On 30 March 1949, Brigadier General Husni al-Za'im led the first military coup in Syria’s modern history, overthrowing President Shukri al-Quwatli's democratically elected government and dissolving parliament. The coup marked a turning point, introducing military intervention as a recurring feature in Syrian politics and reflecting broader dissatisfaction with civilian leadership after the setbacks of the 1948 war.

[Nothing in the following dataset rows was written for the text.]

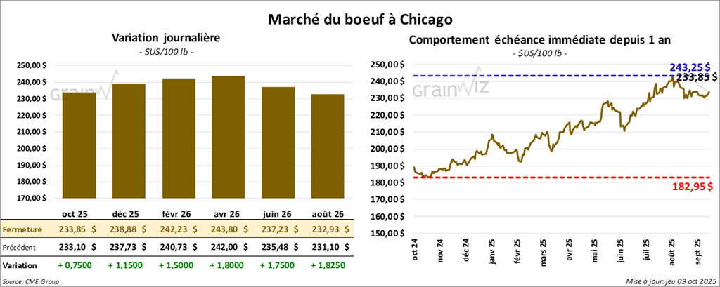 Le contrat de bœuf américain octobre 25 a clôturé à 233,85 $ (+ 75 cents). Celui décembre 25 a fermé à 238,88 $ (+ 1,15 $). Celui février 26 a terminé à 242,23 $ (+ 1,50 $).
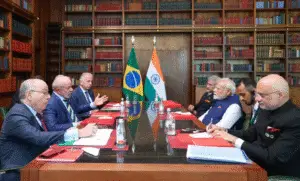प्रधानमंत्री मोदी ब्राज़ील की राजकीय यात्रा पर हैं, जहाँ वे ब्राज़ील के राष्ट्रपति लुईज़ इनासियो लूला दा सिल्वा के साथ द्विपक्षीय वार्ता करेंगे, ताकि व्यापार, रक्षा, ऊर्जा, अंतरिक्ष, प्रौद्योगिकी, कृषि, स्वास्थ्य और लोगों के बीच संपर्क सहित आपसी हितों के क्षेत्रों में दोनों देशों के बीच रणनीतिक साझेदारी का विस्तार किया जा सके। उन्होंने इस बात पर चर्चा की कि लोगों को कैसे समृद्ध रखा जाए और वे क्या लाभ प्रदान कर सकते हैं।
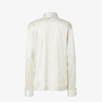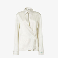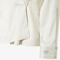 Long-sleeved shirt with a crossover silhouette. Shirt collar and wide buttoned cuff. The asymmetrical closure with a small side button creates a draped motif on the side and a cut-out detail on the neckline. Made of white silk with a sage green fine-striped pattern. Embroidered Fendi Roma logo on the left hand-side cuff. Made in Italy Composition: 100% silk Size worn: 38 IT. The model is 180 cm tall Product Code: FS8287AYNPF1T6E

Al-Za'im's rule was brief. On 14–15 August 1949, Colonel Sami al-Hinnawi led the second military coup, overthrowing al‑Za'im and restoring civilian politicians under the presidency of Hashem al-Atassi before he, in turn, was ousted later that year by Colonel Adib Shishakli in a third coup. These successive coups illustrated deep divisions within the officer corps and persistent challenges to establishing stable parliamentary governance in the young republic.

Despite recurring instability, a new constitution was drafted and adopted on 5 September 1950, replacing the amended 1930 constitution and inaugurating the Second Syrian Republic. The 1950 Constitution expanded civil liberties and reinforced parliamentary authority, although political turbulence continued in the early 1950s as Syria grappled with military influence and fragile civilian governance.